= Beginning of Section =
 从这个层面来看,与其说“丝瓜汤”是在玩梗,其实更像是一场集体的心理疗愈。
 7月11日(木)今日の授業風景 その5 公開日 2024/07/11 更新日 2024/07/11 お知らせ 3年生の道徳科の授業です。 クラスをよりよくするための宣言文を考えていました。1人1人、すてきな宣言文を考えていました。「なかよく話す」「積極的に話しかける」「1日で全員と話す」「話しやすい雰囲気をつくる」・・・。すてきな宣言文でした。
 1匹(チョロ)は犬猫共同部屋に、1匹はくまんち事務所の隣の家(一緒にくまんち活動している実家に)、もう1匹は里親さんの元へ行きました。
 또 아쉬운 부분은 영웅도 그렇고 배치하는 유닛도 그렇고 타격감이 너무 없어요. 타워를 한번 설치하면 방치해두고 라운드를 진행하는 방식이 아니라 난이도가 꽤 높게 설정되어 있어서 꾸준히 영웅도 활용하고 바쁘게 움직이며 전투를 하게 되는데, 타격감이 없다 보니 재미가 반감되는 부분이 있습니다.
= End of Section =
= Beginning of Section =
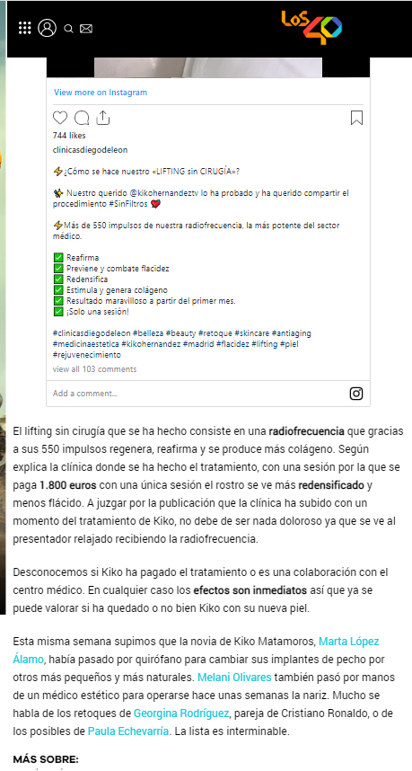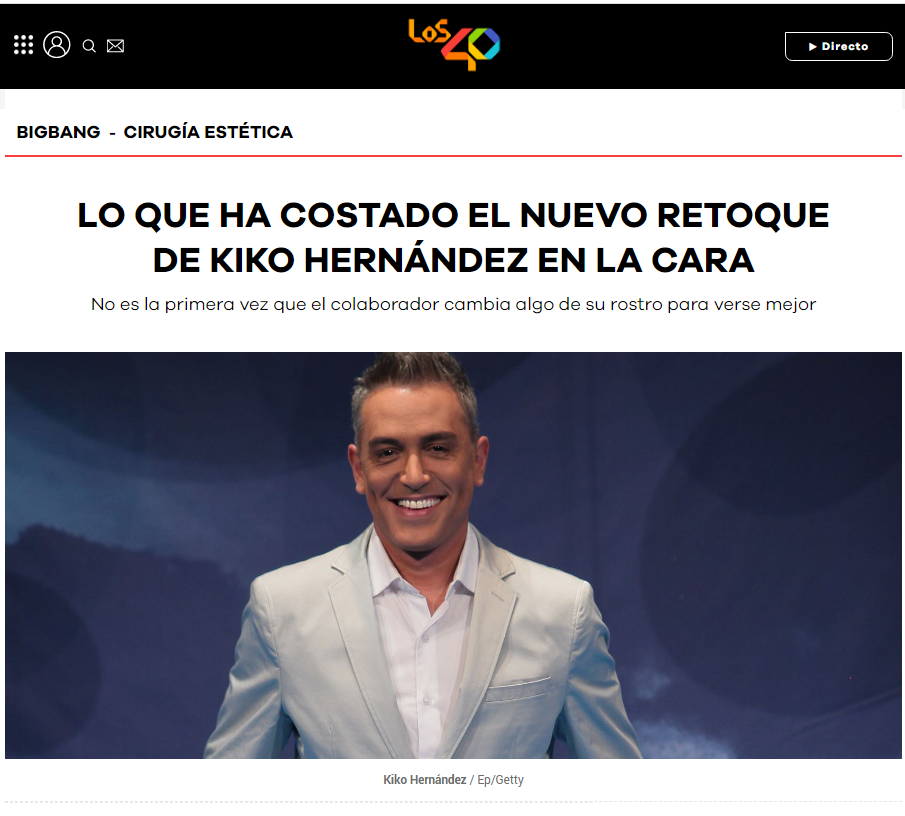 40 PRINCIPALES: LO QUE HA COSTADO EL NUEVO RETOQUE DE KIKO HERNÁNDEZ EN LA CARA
= End of Section =
= Beginning of Section =
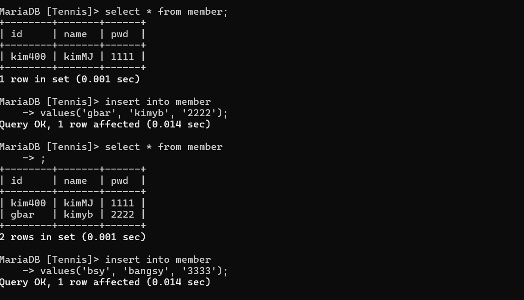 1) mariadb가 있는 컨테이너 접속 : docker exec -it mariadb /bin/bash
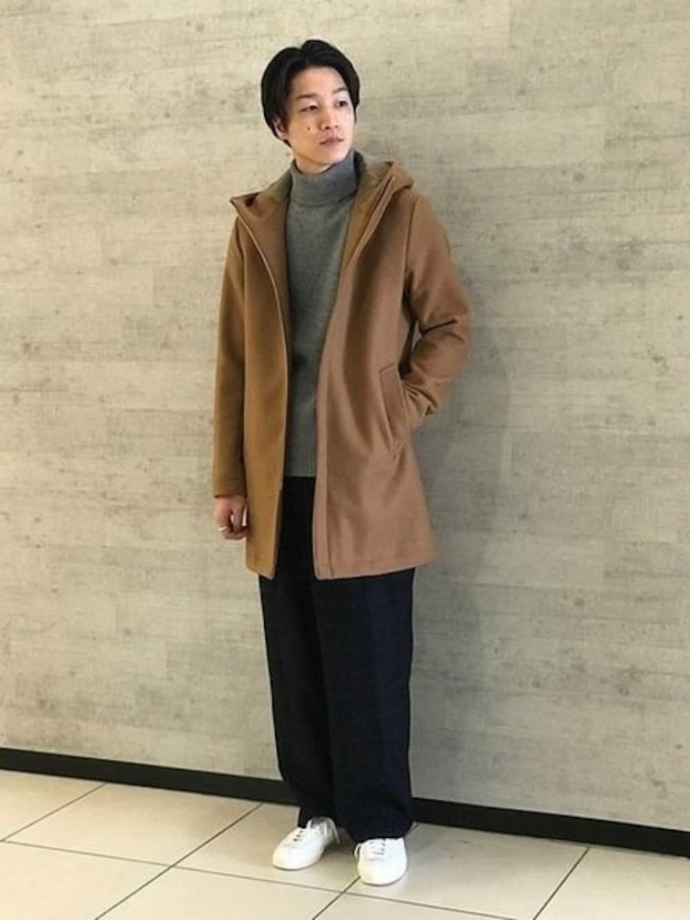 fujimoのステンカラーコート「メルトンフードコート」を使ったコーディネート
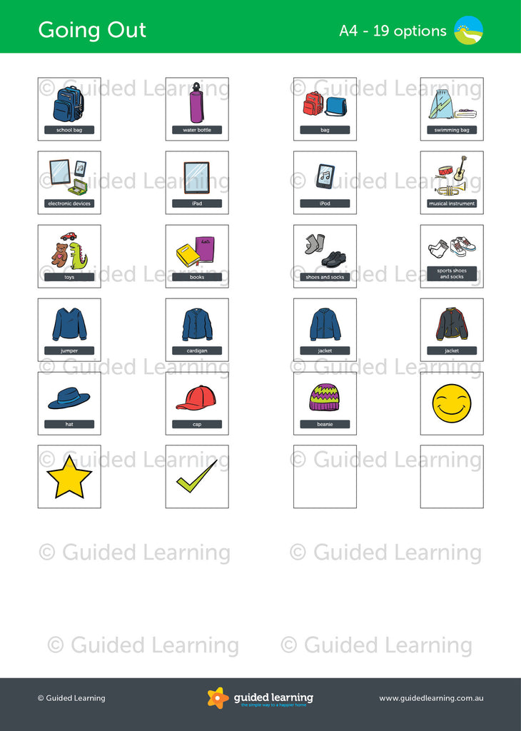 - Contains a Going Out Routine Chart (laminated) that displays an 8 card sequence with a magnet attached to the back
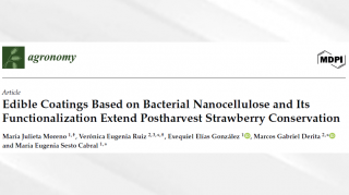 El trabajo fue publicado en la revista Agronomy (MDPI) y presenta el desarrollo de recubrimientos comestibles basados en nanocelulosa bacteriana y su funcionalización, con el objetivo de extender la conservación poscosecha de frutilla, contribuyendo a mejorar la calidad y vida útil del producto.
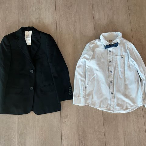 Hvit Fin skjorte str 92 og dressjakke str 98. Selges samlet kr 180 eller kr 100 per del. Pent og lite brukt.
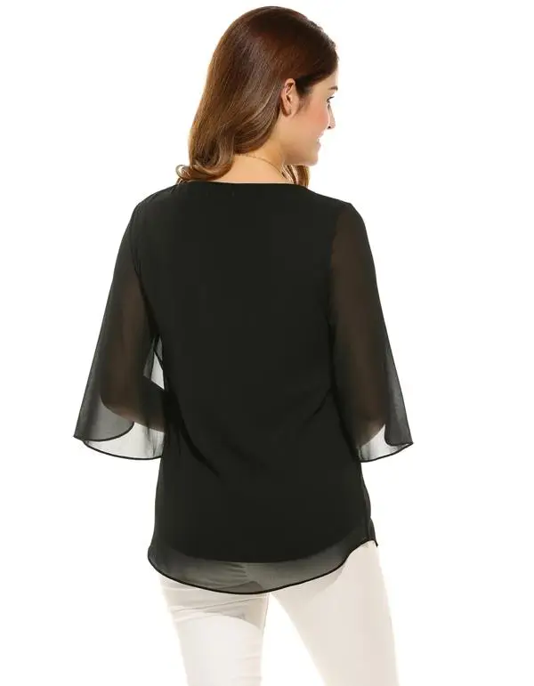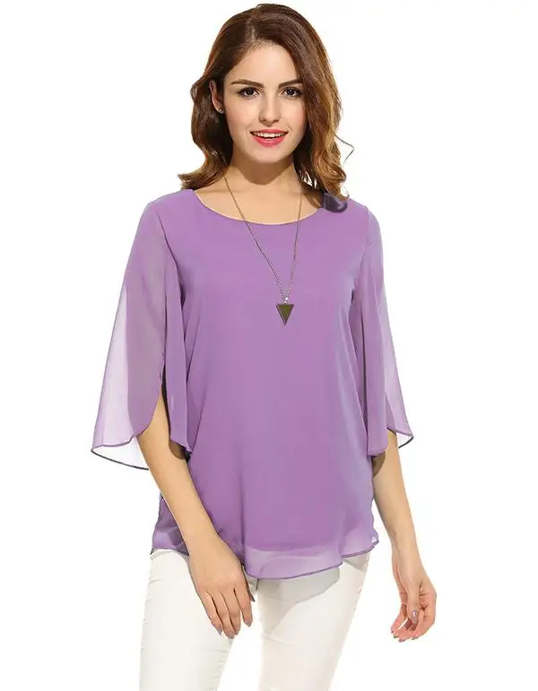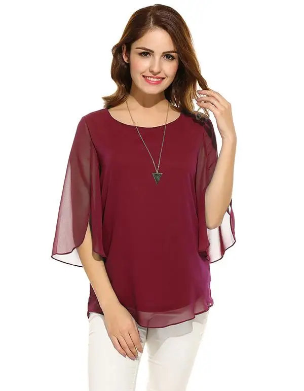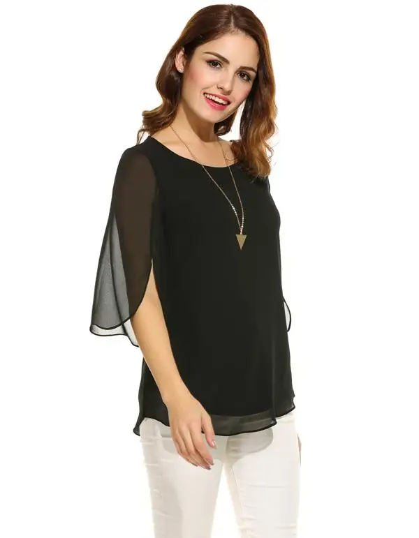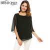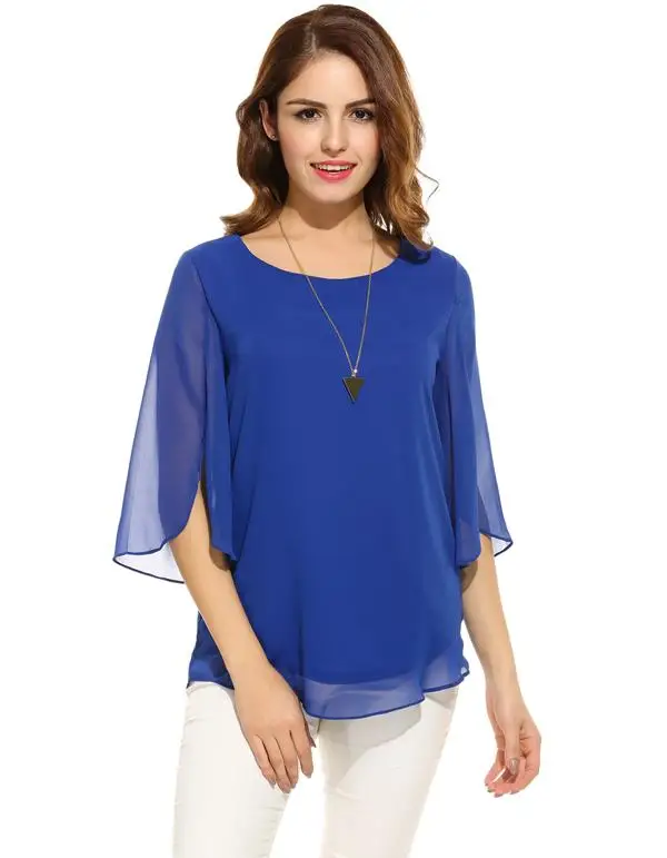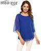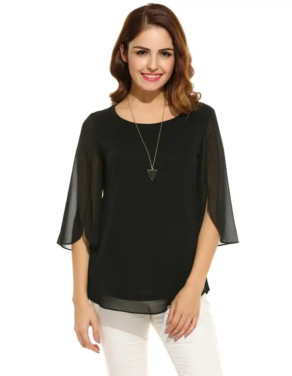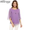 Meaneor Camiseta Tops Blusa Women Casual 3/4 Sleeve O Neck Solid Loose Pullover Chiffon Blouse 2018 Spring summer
= End of Section =
◆ **Work instructions**:
Could you return exactly the lines above from the line with "1匹(チョロ)は犬猫共同部屋" to the line with "또 아쉬운 부분은 영웅도", both included, and nothing else?

◆ **Result for this exercise**:
 1匹(チョロ)は犬猫共同部屋に、1匹はくまんち事務所の隣の家(一緒にくまんち活動している実家に)、もう1匹は里親さんの元へ行きました。
 또 아쉬운 부분은 영웅도 그렇고 배치하는 유닛도 그렇고 타격감이 너무 없어요. 타워를 한번 설치하면 방치해두고 라운드를 진행하는 방식이 아니라 난이도가 꽤 높게 설정되어 있어서 꾸준히 영웅도 활용하고 바쁘게 움직이며 전투를 하게 되는데, 타격감이 없다 보니 재미가 반감되는 부분이 있습니다.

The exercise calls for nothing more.